# [Task directions]
Beginning with the line containing "O fato é que", transcribe every line exactly down to the last one in the records below, and drop the pictures.

======

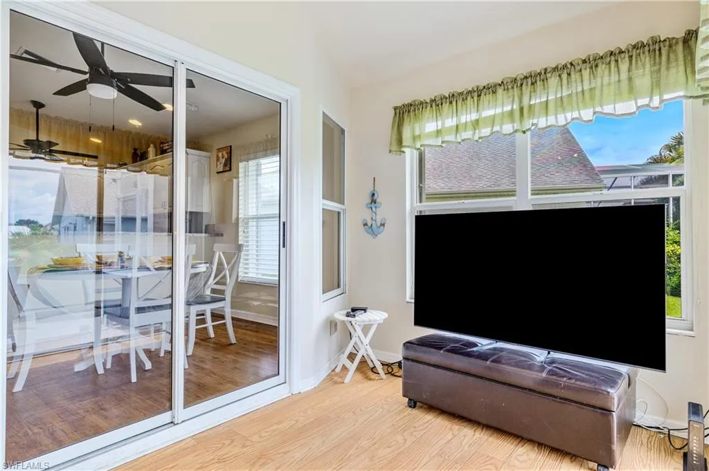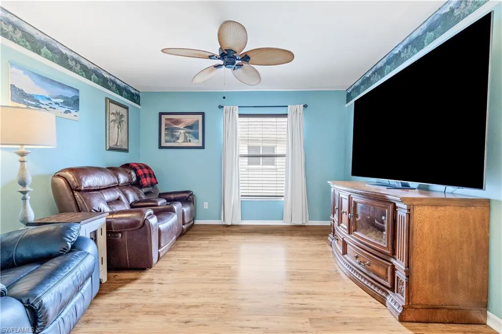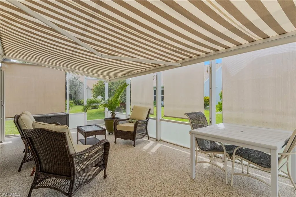 Enjoy outdoor living on the 44′ x 12′ screened lanai with brand-new retractable electric awning and flooring (2024)—perfect for entertaining.
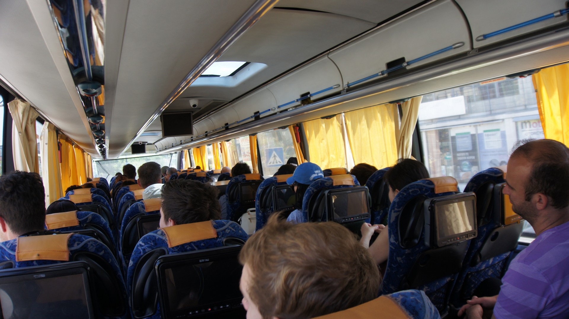 그리스로 가는 버스 내부. 관광객들로 가득 차 있었다. 앞좌석 뒤에 조그만 스크린으로 비디오 서비스도 제공된다.
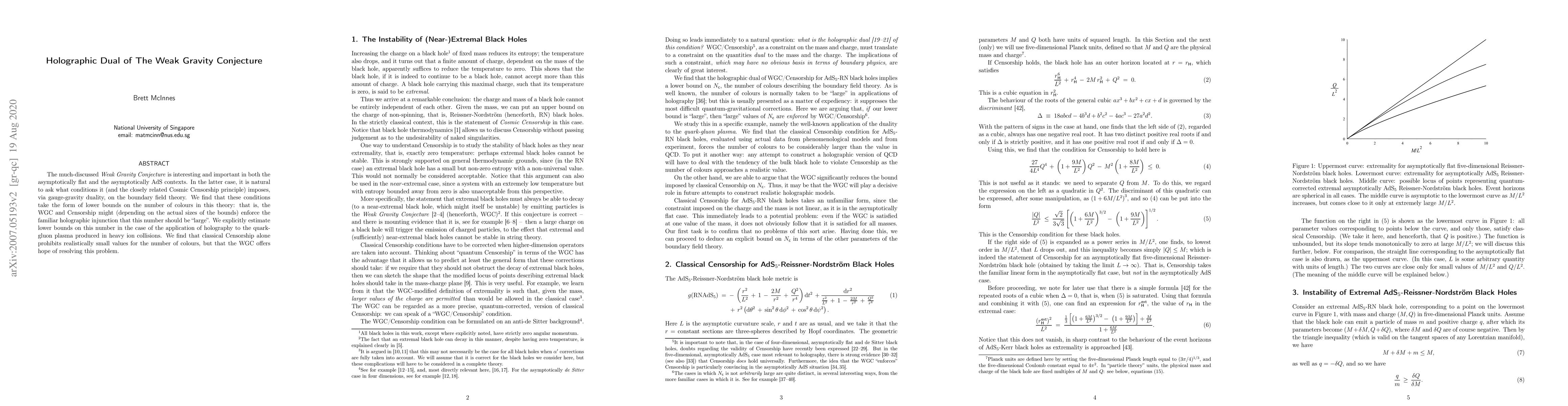 The much-discussed \emph{Weak Gravity Conjecture} is interesting and important in both the asymptotically flat and the asymptotically AdS contexts. In the latter case, it is natural to ask what conditions it (and the closely related Cosmic Censorship principle) imposes, via gauge-gravity duality, on the boundary field theory. We find that these conditions take the form of lower bounds on the number of colours in this theory: that is, the WGC and Censorship might (depending on the actual sizes of the bounds) enforce the familiar holographic injunction that this number should be "large". We explicitly estimate lower bounds on this number in the case of the application of holography to the quark-gluon plasma produced in heavy ion collisions. We find that classical Censorship alone prohibits realistically small values for the number of colours, but that the WGC offers hope of resolving this problem.
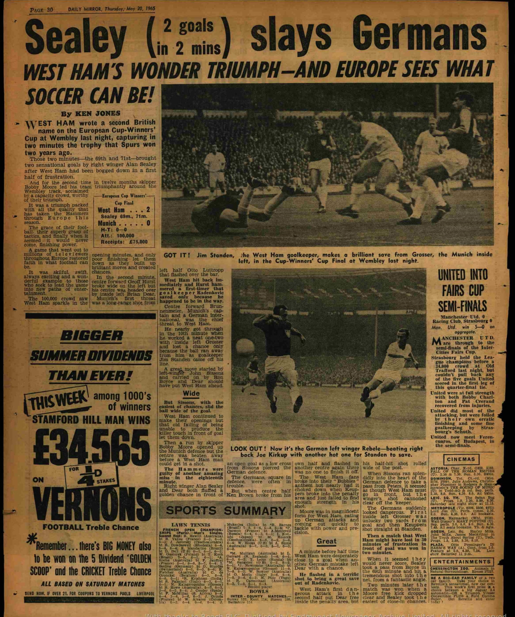 O fato é que aquela final teria nome e sobrenome: Alan Sealey. “Sealey (dois gols em dois minutos) mata os alemães, triunfo dos sonhos do West Ham — A Europa vê o que o futebol pode ser”, exaltou o Daily Mirror no dia seguinte à final. De fato, a manchete reproduziu com exatidão o que se viu. Além de uma exibição de alta qualidade técnica dos londrinos, Sealey acabou sendo o responsável por dois tentos, um aos 25 e outro aos 27 minutos da etapa final da decisão.
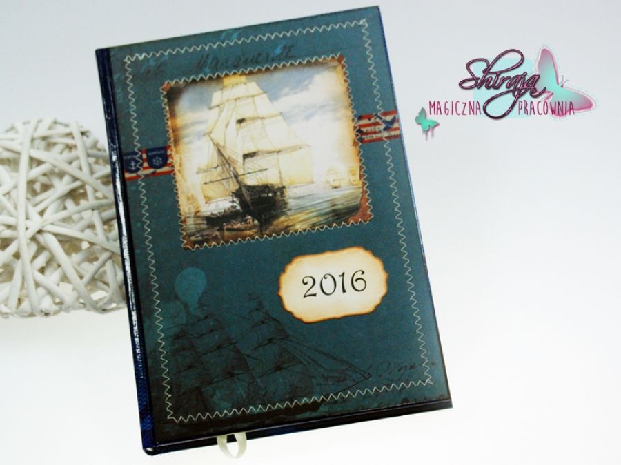 Kalendarz książkowy na rok 2016, ozdobiony papierami do scrapbookingu, obszywany maszynowo.

======

# [Reply to the task]
 O fato é que aquela final teria nome e sobrenome: Alan Sealey. “Sealey (dois gols em dois minutos) mata os alemães, triunfo dos sonhos do West Ham — A Europa vê o que o futebol pode ser”, exaltou o Daily Mirror no dia seguinte à final. De fato, a manchete reproduziu com exatidão o que se viu. Além de uma exibição de alta qualidade técnica dos londrinos, Sealey acabou sendo o responsável por dois tentos, um aos 25 e outro aos 27 minutos da etapa final da decisão.
 Kalendarz książkowy na rok 2016, ozdobiony papierami do scrapbookingu, obszywany maszynowo.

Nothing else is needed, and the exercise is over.